Lymphocyte-variant hypereosinophilia usually takes a benign and indolent course. Long-term treatment with corticosteroids lowers blood eosinophil levels as well as suppresses and prevents complications of the disease in >80% of cases. However, signs and symptoms of the disease recur in virtually all cases if corticosteroid dosages are tapered in order to reduce the many adverse side effects of corticosteroids.
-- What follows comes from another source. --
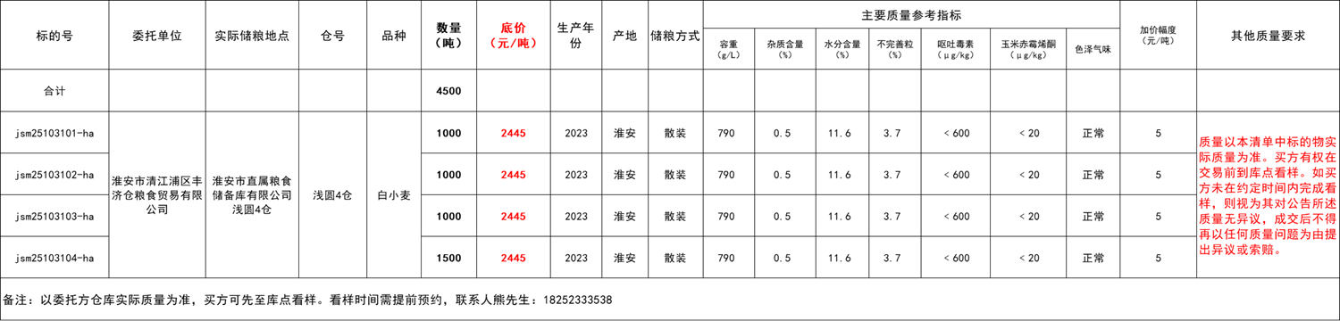 质量:公告中提供的质量指标由委托单位提供,仅供参考。竞购方须到库点看样(看样时间需提前预约,联系人熊先生: ******),以确保对质量及保管状况有充分了解。如竞购方未进行看样,则在成交后应自觉履行各项义务,且不得以质量问题为由提出异议或申请商务处理。
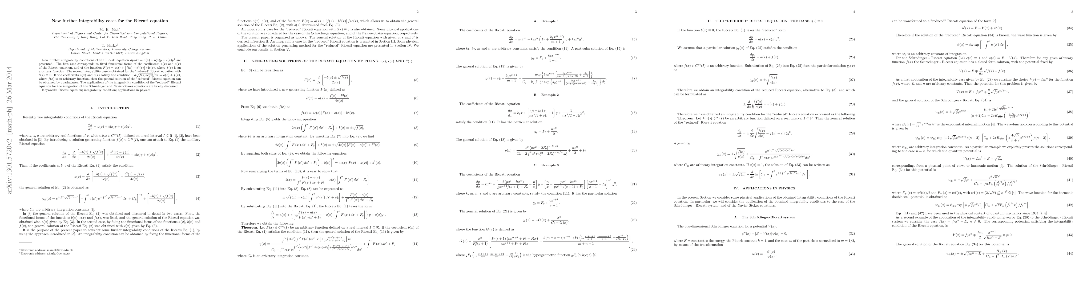 This paper presents new integrability conditions for the Riccati equation, including cases where fixed functional forms of coefficients allow for solutions, and a "reduced" Riccati equation with $b(x)\equiv 0$ that can be solved by quadratures under specific conditions. Applications to the Schrödinger and Navier-Stokes equations are briefly discussed.

Alternate treatments used to treat corticosteroid resistant disease or for use as corticosteroid-sparing substitutes include interferon-α or its analog, peginterferon alfa-2a, mepolizumab (an antibody directed against IL-5), ciclosporin (an immunosuppressive drug), imatinib (an inhibitor of tyrosine kinases; numerous tyrosine kinase cell signaling proteins are responsible for the growth and proliferation of eosinophils (see clonal eosinophilia}), methotrexate and hydroxycarbamide (both are chemotherapy and immunosuppressant drugs), and alemtuzumab (an antibody that binds to the CD52 antigen on mature lymphocytes thereby marking them for destruction by the body). The few patients who have been treated with these alternate drugs have exhibited good responses in the majority of instances. Reslizumab, a newly developed antibody directed against interleukin 5 that has been successfully used to treat 4 patients with the hypereosinophilic syndrome, may also be of use for lymphocyte-variant eosinophilia. Patients suffering minimal or no disease complications have gone untreated.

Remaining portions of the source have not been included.